Central question of this research: when are women with dense breasts most at risk of developing breast cancer? Conclusion by Wang and her colleagues: when these women’s breasts also show elevated BPE during an MRI, this may be an additional indicator of cancer development. The results of the study were published this week in the leading journal Radiology

Kenneth Gilhuijs, associate professor at the Image Sciences Institute: “This is the first time a direct link has been established between BPE and cancer development in women with dense breast tissue. There have been more related studies on BPE, but not specifically in women with dense breasts. And this is the first time AI has been used to objectify the results.”  

Thanks to the computer model, there was also no need to choose one particular interpretation of elevated BPE. "BPE is a bit of a complicated term because researchers use different definitions for when BPE is elevated. Our computer model can process all interpretations simultaneously," Gilhuijs explains. 

Huge data collection 

Wang and her colleagues had an impressive amount of MRI scans at their disposal, ready to be used for their AI research. These scans had some years earlier been made during the DENSE trial.  

During DENSE, some 5,000 women with dense breast tissue were followed during population screening between 2011 and 2016. These women received an additional MRI scan. The outcomes of this group were compared with the results of the women who only received a mammography (in accordance with the standard population screening). This well-known, elaborate study was coordinated by Carla van Gils, professor of clinical epidemiology of cancer at UMC Utrecht (Julius Centre). 

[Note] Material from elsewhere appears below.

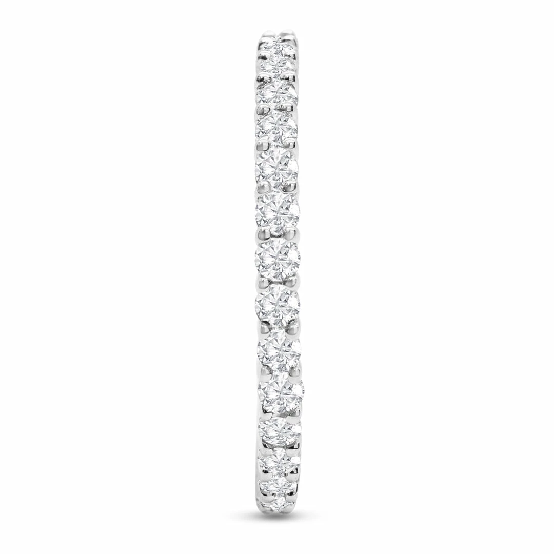 This classic eternity band features 26-32 round shape diamonds at approximately 1 carat total weight. Diamond color is H color, SI2 clarity. Ring is 2.1mm wide and is in 14 karat white gold.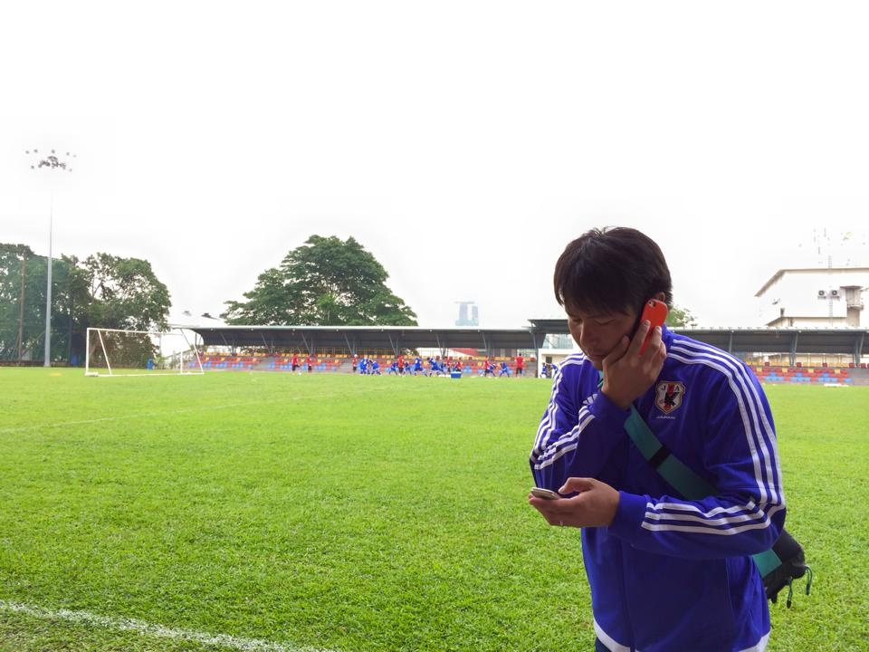 | Nhằm chuẩn bị tốt nhất cho buổi tập, trợ lý HLV của Olympic Nhật Bản đến kiểm tra mặt cỏ và gặp thầy trò HLV Miura đang tập luyện. |

The promising final verdict of the 2020 DENSE study: breast cancer is indeed detected more often and more quickly in women with dense breasts when they receive an additional MRI scan. Furthermore, the use of MRI was also found to be cost-effective. 

Disadvantages MRI 

However, an additional MRI may also have disadvantages. The scan could reveal abnormalities that later turn out to be harmless. Such a false-positive result could cause a lot of stress for women and could lead to unnecessary and costly follow-up examinations and treatments. Capacity problems could also arise: tens of thousands of women would then have to get an MRI in a hospital every year, requiring additional equipment and staff. That is why the Dutch Ministry of Health, Welfare and Sports is having an alternative (contrast mammography) examined first, as advised by the Dutch Health Council

Personalisation scan frequency 

The new AI study could help to use MRI more efficiently, for instance in population screening. That is, deploying AI to assess MRI scans could save a lot of time and manpower. And if an initial MRI scan shows that a woman has dense breasts but little elevated BPE, it could, for example, be decided that this woman will need less repetitive scans than a woman with both dense breasts and highly elevated BPE. This way, MRI scans could be used in a more targeted and personalised way, which would also reduce the need for staff and equipment.  

Gilhuijs: "Our study is a first step towards further personalising the frequency of additional MRI scans in women with dense breasts. This is made possible because, in one glance, we don’t only look at breast density but also at the other risk factors found during the first MRI." 

For cancer care and research, UMC Utrecht is a member of Oncomid. This is a close partnership between hospitals in the centre of the Netherlands. Internationally, the Utrecht region is renowned for its oncological innovations, for instance in the field of image-guided techniques (such as MRI), AI and organoids (‘mini organs’). Within Oncomid, we strive to make all our innovations suitable for future healthcare, which is sustainable, affordable and more manageable for healthcare professionals.